The force of this anxiety is easy enough to detect in stories of natural catastrophe and future war. The smallness and insignificance of the world of man had been made clear by sciences which had revealed the true size of the universe and the true antiquity of the earth. Now that the God of the Old Testament was no longer credited with responsibility for visiting floods and plagues upon His people, He could no longer be credited with responsibility for protecting them either. The march of science was seen to be giving men command of ever greater forces, but there were many reasons for supposing that men would rather use those forces to destroy than to create.
The Great War, when it came in 1914, reinforced these anxieties very powerfully. It obliterated one species of optimism that had flourished beforehand: the idea that if men were to fight a new and horribly destructive war, then it would be the final war—the war that would end war. This was the kind of slogan under which the Great War was marketed to those who were recruited in hundreds of thousands to fight in it and die in it, but it quickly came to be seen as a sick joke. The lesson of the Great War, as far as the kind of British mind that was orientated to the future rather than the past was concerned, was that civilization was very fragile, and that contemporary men were living on the lip of an abyss, into which their whole world might easily be plunged by the recklessness of fools. Those future-orientated men who took as their mission the mapping of an historical course by which men might be navigated to a safer world knew well enough how hazardous that course might be, and how desperate their task had become—but they found it hard to find an audience. Scientific romance waned in popularity after the war, and it seemed that many people had taken a different lesson from the horrors of the war—the lesson that the kind of thinking which brooded too much on the future was too difficult and uncomfortable to be borne.
* * * *
Even before the war H. G. Wells had been prepared to imagine himself a sighted man in a country of the blind, unable to convince his contemporaries of the narrowness of their sensations. Afterwards, he found his efforts to awaken others from their willful lack of foresight so difficult that the characterized the new era as the Age of Frustration (a title which he applies to it in The Shape of Things to Come and explores more fully in a most peculiar book called The Anatomy of Frustration). Other writers of scientific romance echoed this notion, and Wellsian Frustration is acutely obvious in the writings of men who began to produce scientific romances in the period between the wars, including Neil Bell, S. Fowler Wright, John Gloag, and Olaf Stapledon.

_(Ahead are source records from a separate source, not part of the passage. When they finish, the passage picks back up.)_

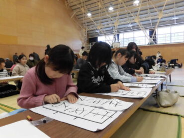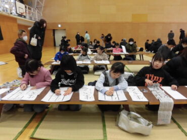 1月3日(土)、伏木小学校で、第67回伏木地区児童クラブ書初大会が開催されました。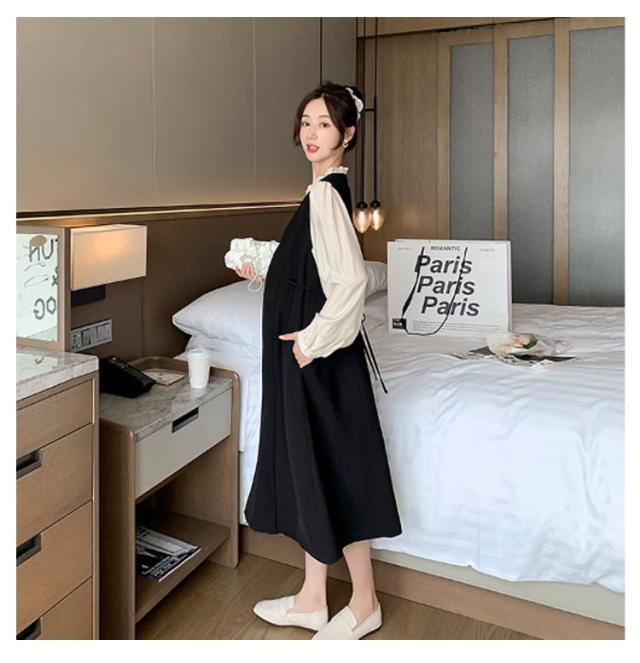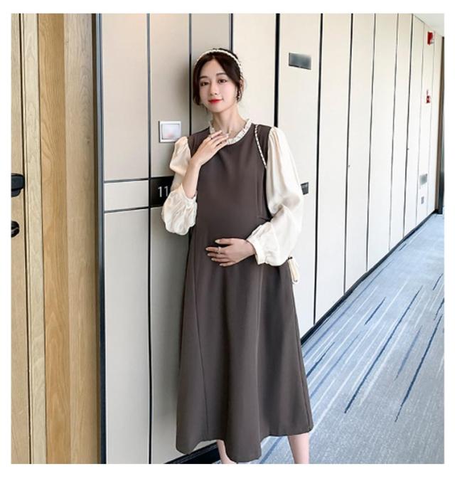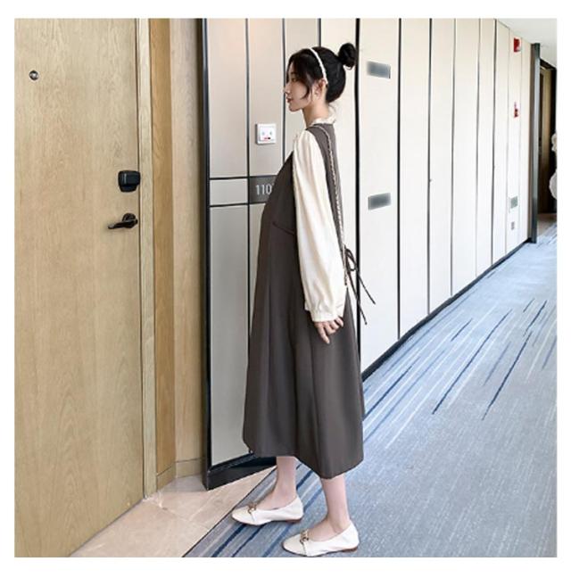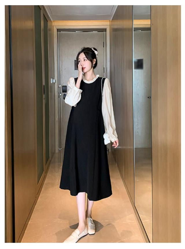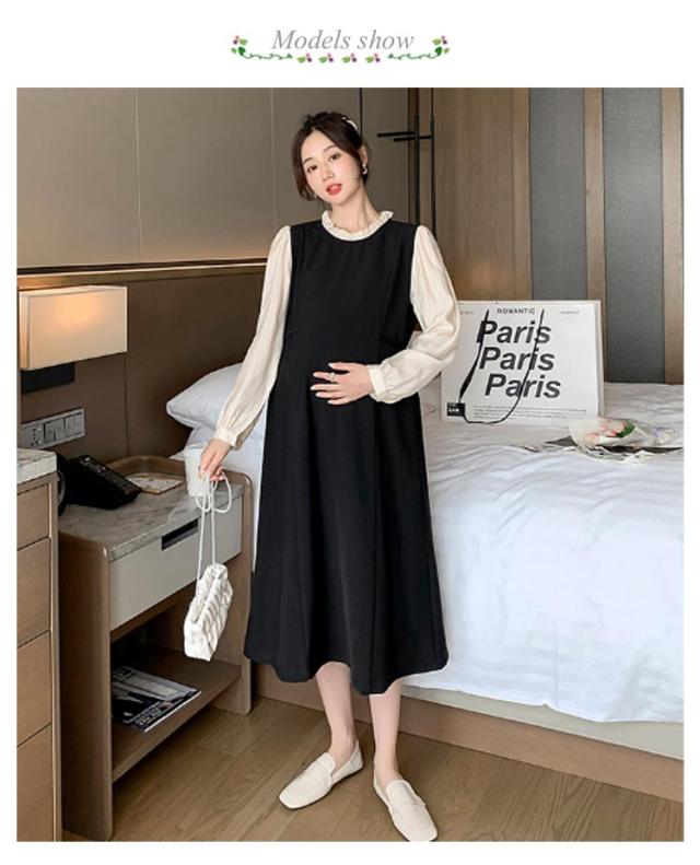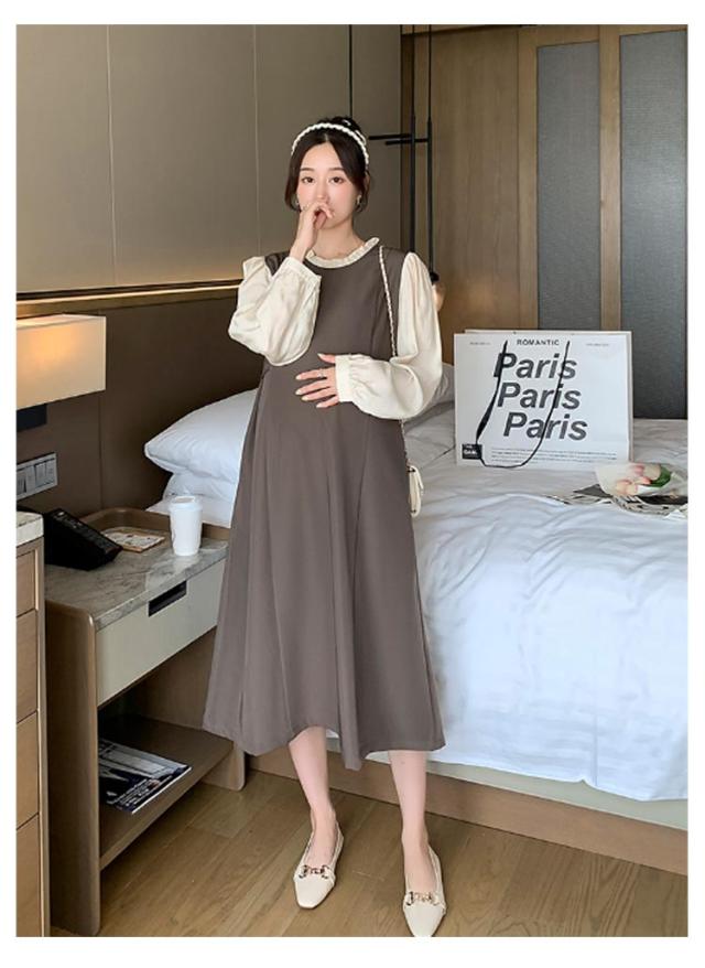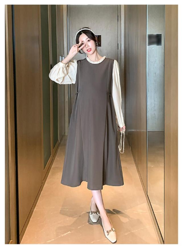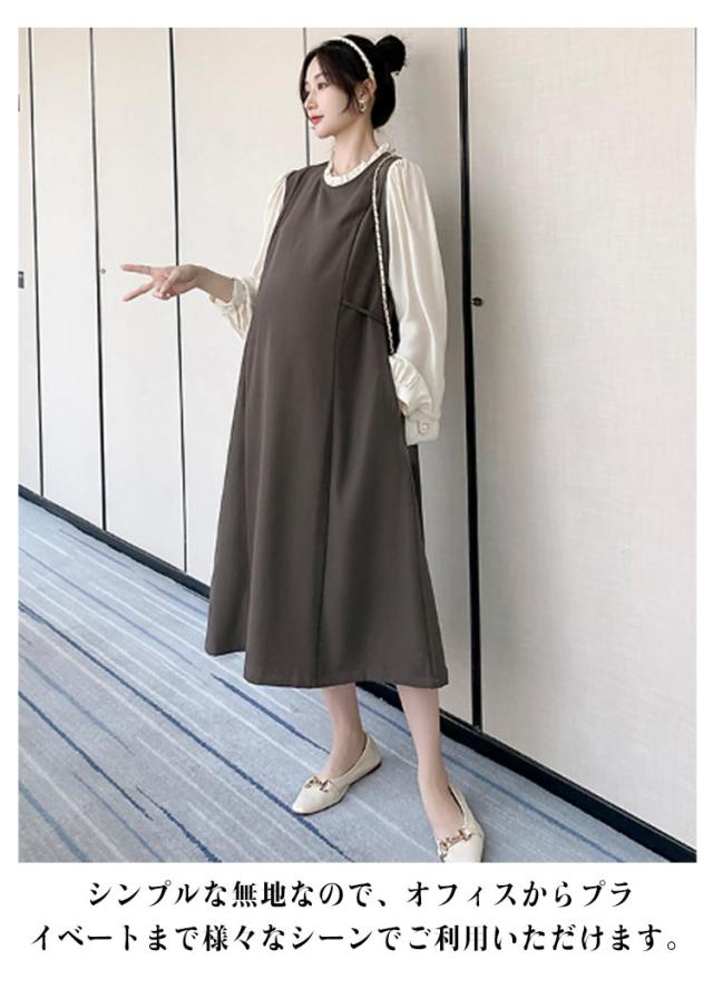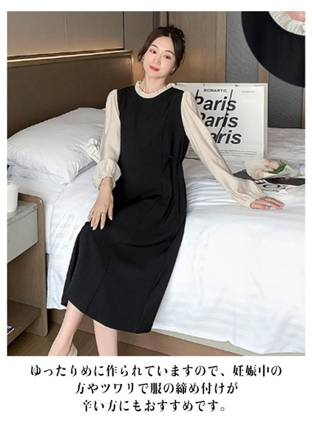 レイヤード風 ワンピース マタニティ レイヤード風 春秋冬 フレアワンピース 体型カバー 授乳ワンピ 授乳服 マタニティー 妊婦服 ワンピース 長袖 Aライン 大きいサイズ フリル お宮参り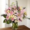 Soft, feminine, and blooming with a flowering finesse at every turn, this gorgeous fresh flower arrangement has a classic elegance to it that simply never goes out of style. Pink Asiatic Lilies serve as a focal point to this flower bouquet surrounded by cream double lisianthus, pink carnations, white spray roses, pink statice, and pink roses, lovingly accented with fronds of Queen Anne's Lace, stems of baby blue eucalyptus, and lush greens. Presented in a classic clear glass vase, this gorgeous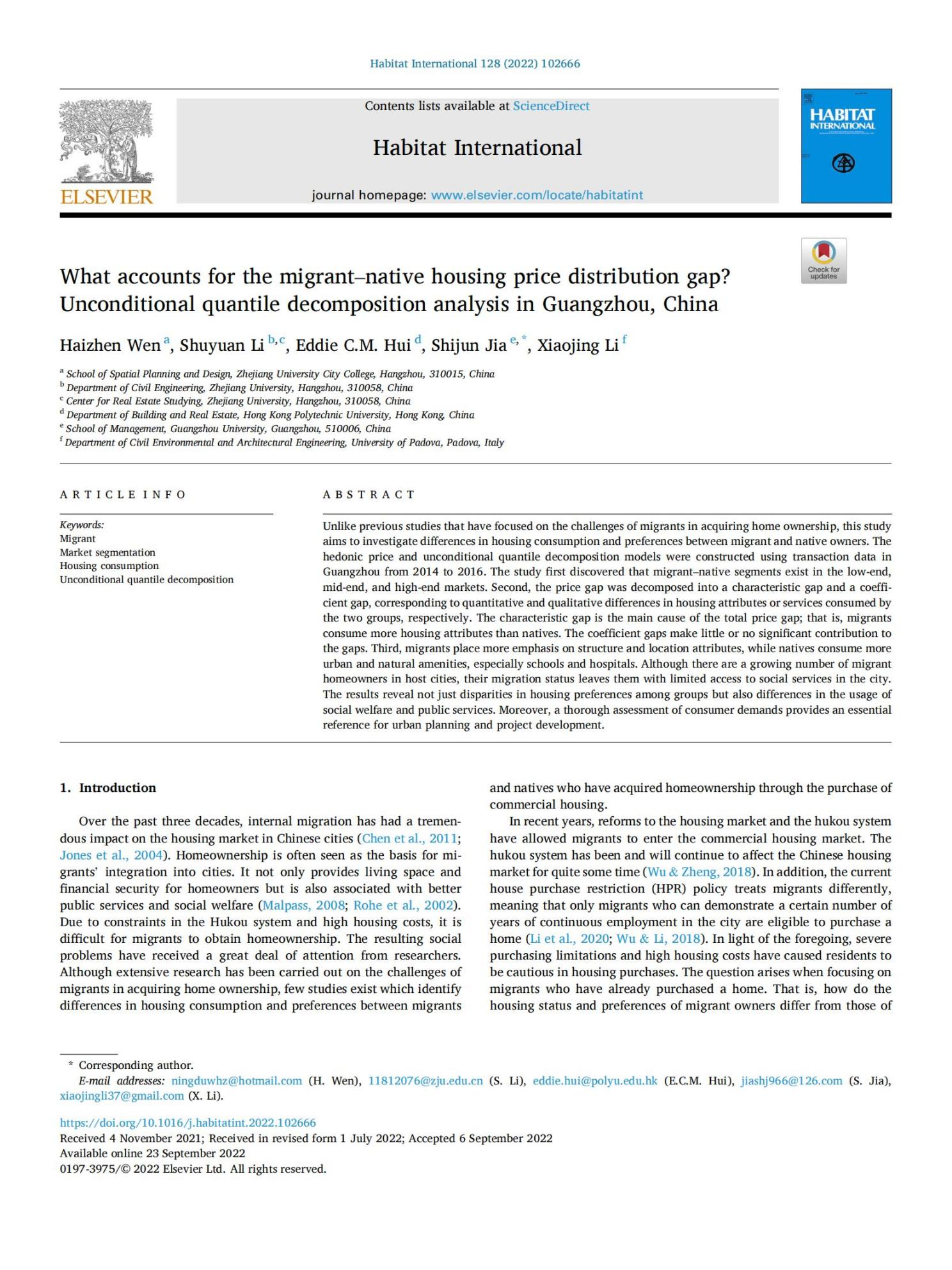 贾士军教授(通讯作者)和浙江大学温海珍教授合作的科研成果“What accounts for the migrant-native housing price distribution gap? Unconditional quantile decomposition analysis in Guangzhou, China”在国际知名期刊《Habitat international》发表。合作者另有浙江大学房地产研究中心的Li Shuyuan博士,香港理工大学建筑与房地产系的Eddie Chi-man Hui教授和帕多瓦大学ICEA系的在读博士生李晓靖。《Habitat International》为SSCI检索,最新影响因子为5.369,在城市研究领域(URBAN STUDIES)中排名6/72,在区域和城市规划领域(REGIONAL & URBAN PLANNING)排名4/51,是JCR一区和中国科学院一区。

The literary response to this Age of Frustration was mixed, but predominant among its moods were a fierce, cynical irony and an angry pessimism. The future war stories published between the wars present a whole series of images of mankind bombed back to the stone age, which develop a terrible fascination as they revel in the details of mass destruction.
At one extreme the scientific romance of the period between the wars was fatalistic almost to the point of nihilism. In the words of Neil Bell:
And when he was nineteen the War of 1914-18 came, and he went through that long infamy, and came out with no shred or tatter of his former illusions to cover his nakedness.
“Everything failed the common man in that testing,” he said. “The church of God, that should have held itself aloof and denounced the rottenness of it all, failed to make that gesture, and setting itself rather to fan the flames, sealed its own fate in the hearts of the men who fought. We saw incompetence that slaughtered thousands shielded by the privilege of birth or wealth or political pull; we saw lying, treachery and greed enthroned and triumphant; we saw lust and cruelty shrieking from safe places the hatred that was unknown to the men who stumbled blindly in the bloody quagmires of mud and pain and hopelessness…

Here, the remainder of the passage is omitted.